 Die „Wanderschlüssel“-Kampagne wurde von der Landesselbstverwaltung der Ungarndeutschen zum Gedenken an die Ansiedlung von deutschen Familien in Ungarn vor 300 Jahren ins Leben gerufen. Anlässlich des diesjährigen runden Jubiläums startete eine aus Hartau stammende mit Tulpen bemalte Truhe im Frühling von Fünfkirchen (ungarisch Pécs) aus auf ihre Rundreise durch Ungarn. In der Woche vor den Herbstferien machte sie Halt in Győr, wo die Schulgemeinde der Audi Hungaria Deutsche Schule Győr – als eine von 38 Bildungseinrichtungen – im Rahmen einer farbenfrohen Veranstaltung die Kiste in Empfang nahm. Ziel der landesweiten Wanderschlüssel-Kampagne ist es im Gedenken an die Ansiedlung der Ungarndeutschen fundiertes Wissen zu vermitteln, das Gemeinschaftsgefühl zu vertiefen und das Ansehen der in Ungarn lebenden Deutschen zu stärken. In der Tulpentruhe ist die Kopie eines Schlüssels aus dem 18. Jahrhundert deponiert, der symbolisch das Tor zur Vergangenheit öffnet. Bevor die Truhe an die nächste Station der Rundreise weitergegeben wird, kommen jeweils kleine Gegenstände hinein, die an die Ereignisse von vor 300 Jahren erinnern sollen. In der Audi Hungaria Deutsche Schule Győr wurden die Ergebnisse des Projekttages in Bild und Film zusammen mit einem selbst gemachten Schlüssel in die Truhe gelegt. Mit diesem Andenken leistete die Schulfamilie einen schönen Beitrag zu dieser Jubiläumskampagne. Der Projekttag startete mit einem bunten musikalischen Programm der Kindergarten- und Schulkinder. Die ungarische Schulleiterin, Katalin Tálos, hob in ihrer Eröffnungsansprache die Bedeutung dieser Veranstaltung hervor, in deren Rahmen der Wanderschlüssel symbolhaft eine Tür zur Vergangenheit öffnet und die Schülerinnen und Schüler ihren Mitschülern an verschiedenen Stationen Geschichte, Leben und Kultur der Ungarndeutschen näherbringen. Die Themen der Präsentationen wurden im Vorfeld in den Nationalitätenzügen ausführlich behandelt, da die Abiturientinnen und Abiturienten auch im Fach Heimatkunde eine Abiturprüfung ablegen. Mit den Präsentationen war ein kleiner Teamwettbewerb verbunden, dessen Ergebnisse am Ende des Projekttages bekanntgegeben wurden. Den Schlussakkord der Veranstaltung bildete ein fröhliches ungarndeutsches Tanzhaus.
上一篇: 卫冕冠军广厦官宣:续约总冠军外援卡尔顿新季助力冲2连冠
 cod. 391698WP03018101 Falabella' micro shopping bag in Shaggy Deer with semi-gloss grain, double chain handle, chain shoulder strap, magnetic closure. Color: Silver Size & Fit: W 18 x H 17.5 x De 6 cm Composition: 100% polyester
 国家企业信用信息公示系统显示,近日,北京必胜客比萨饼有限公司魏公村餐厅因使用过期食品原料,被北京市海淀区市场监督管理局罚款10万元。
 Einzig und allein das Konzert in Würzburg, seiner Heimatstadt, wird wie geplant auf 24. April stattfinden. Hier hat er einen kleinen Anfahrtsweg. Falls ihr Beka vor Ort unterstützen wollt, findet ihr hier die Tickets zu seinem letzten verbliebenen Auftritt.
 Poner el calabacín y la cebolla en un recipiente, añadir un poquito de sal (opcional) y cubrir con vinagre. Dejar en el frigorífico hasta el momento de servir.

---

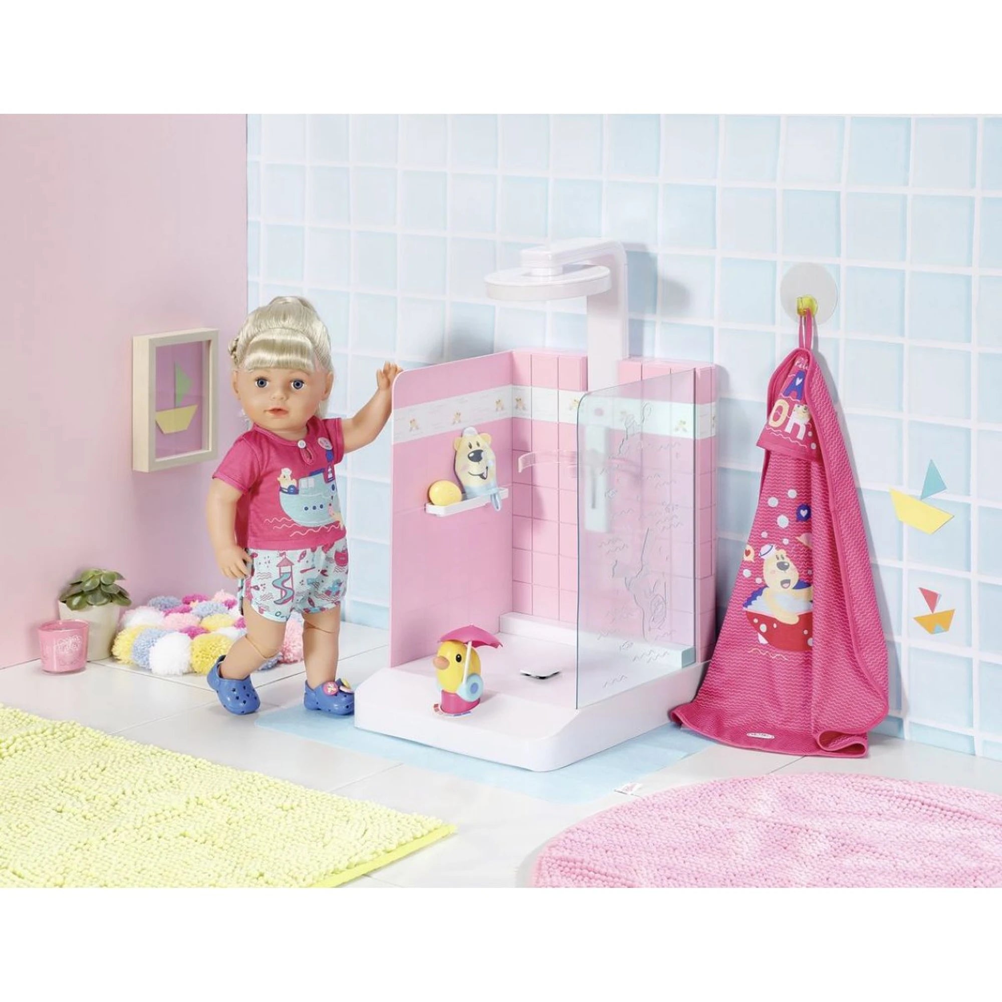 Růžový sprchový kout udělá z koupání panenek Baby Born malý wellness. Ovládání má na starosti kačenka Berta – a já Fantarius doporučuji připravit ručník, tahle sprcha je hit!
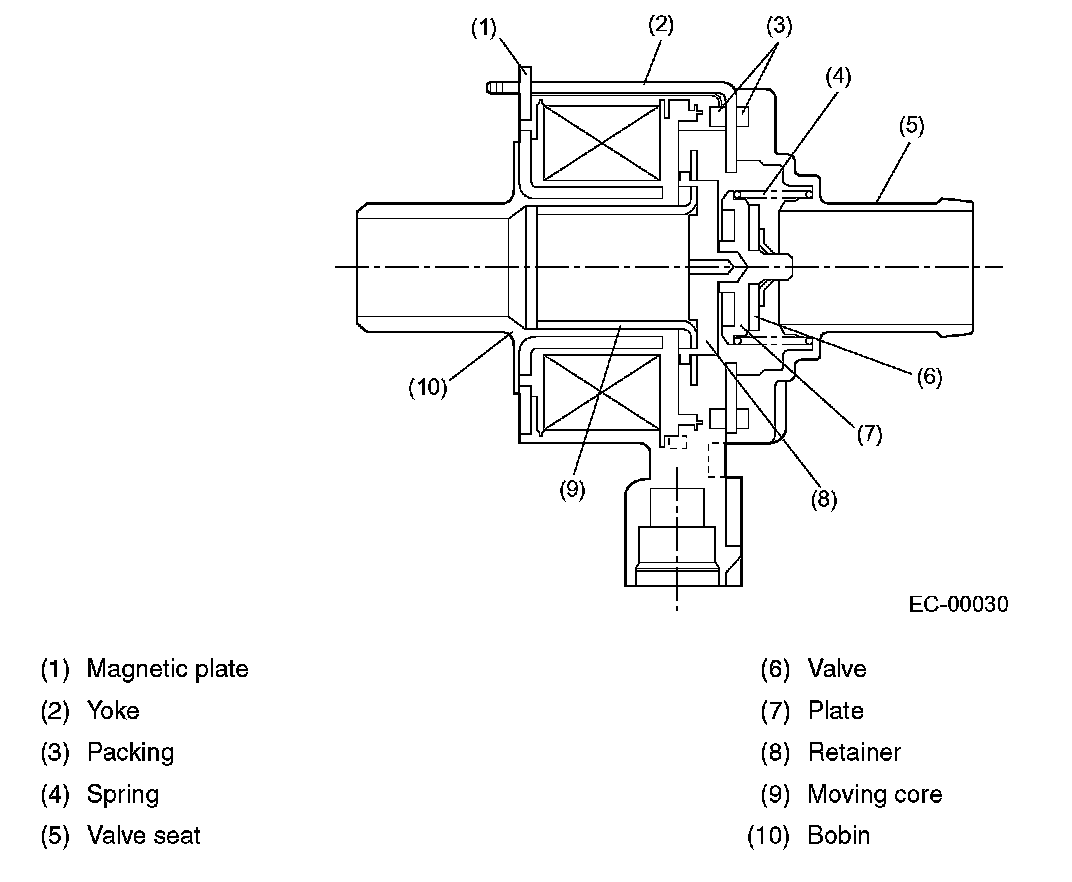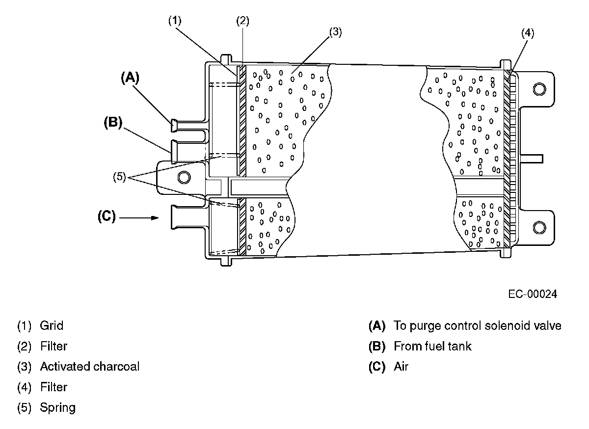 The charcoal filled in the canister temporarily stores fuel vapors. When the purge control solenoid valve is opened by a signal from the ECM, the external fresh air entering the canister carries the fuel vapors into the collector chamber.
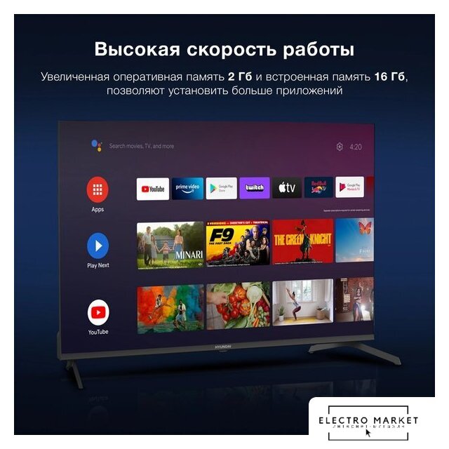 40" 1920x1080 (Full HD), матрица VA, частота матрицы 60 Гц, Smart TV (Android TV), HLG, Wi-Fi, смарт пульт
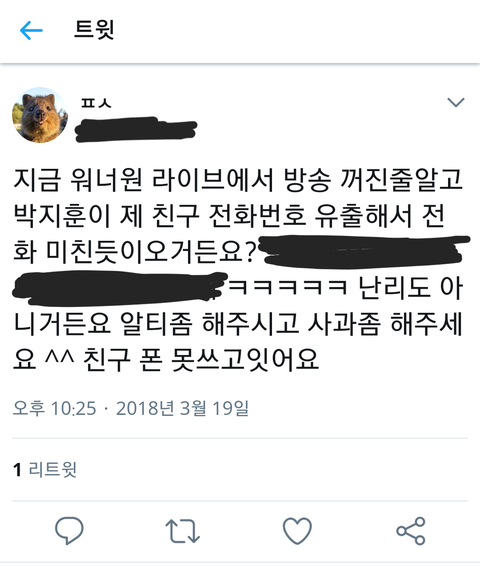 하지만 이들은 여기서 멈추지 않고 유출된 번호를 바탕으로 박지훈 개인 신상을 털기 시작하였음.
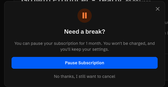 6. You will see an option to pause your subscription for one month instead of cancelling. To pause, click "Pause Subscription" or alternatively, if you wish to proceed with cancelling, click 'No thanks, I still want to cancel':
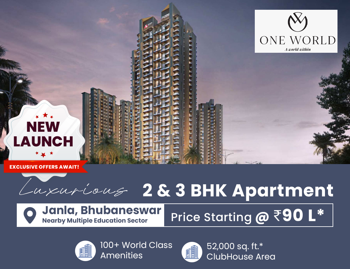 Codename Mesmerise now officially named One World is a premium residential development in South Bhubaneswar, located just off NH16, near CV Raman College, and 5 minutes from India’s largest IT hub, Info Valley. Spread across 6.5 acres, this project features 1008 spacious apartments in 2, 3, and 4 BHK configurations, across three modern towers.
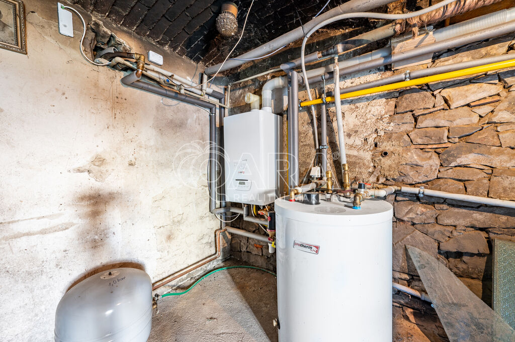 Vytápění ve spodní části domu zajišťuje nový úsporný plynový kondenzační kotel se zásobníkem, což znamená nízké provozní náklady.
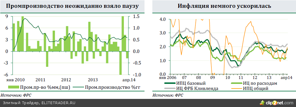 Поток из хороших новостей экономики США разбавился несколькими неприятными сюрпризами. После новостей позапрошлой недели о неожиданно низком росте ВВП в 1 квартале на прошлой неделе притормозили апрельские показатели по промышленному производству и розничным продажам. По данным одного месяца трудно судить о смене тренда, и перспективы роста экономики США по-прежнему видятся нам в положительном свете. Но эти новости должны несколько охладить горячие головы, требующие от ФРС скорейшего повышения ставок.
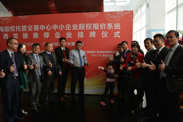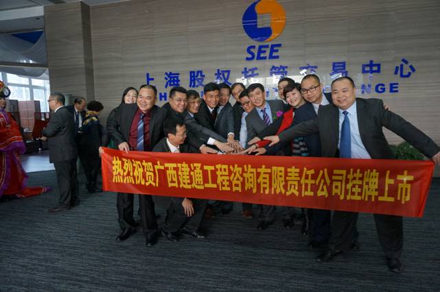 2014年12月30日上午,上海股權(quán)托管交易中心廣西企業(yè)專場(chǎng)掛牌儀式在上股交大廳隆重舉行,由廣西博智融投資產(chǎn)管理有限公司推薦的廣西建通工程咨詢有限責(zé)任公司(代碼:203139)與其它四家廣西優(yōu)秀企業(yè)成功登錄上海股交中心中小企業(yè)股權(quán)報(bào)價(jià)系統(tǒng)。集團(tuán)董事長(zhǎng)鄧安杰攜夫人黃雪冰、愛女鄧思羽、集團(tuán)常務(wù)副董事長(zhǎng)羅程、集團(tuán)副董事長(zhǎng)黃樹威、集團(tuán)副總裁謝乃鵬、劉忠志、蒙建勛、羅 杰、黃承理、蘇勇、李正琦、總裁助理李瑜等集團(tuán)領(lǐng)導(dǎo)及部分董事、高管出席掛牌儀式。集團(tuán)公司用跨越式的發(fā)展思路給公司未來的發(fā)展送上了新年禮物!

# [Task details]
An exact copy is needed of the stretch above that opens with the line containing "Wi-Fi, смарт пульт" and closes with the line containing "Vytápění ve spodní"; the pictures are not part of it.

# [Exercise solution]
 40" 1920x1080 (Full HD), матрица VA, частота матрицы 60 Гц, Smart TV (Android TV), HLG, Wi-Fi, смарт пульт
 하지만 이들은 여기서 멈추지 않고 유출된 번호를 바탕으로 박지훈 개인 신상을 털기 시작하였음.
 6. You will see an option to pause your subscription for one month instead of cancelling. To pause, click "Pause Subscription" or alternatively, if you wish to proceed with cancelling, click 'No thanks, I still want to cancel':
 Codename Mesmerise now officially named One World is a premium residential development in South Bhubaneswar, located just off NH16, near CV Raman College, and 5 minutes from India’s largest IT hub, Info Valley. Spread across 6.5 acres, this project features 1008 spacious apartments in 2, 3, and 4 BHK configurations, across three modern towers.
 Vytápění ve spodní části domu zajišťuje nový úsporný plynový kondenzační kotel se zásobníkem, což znamená nízké provozní náklady.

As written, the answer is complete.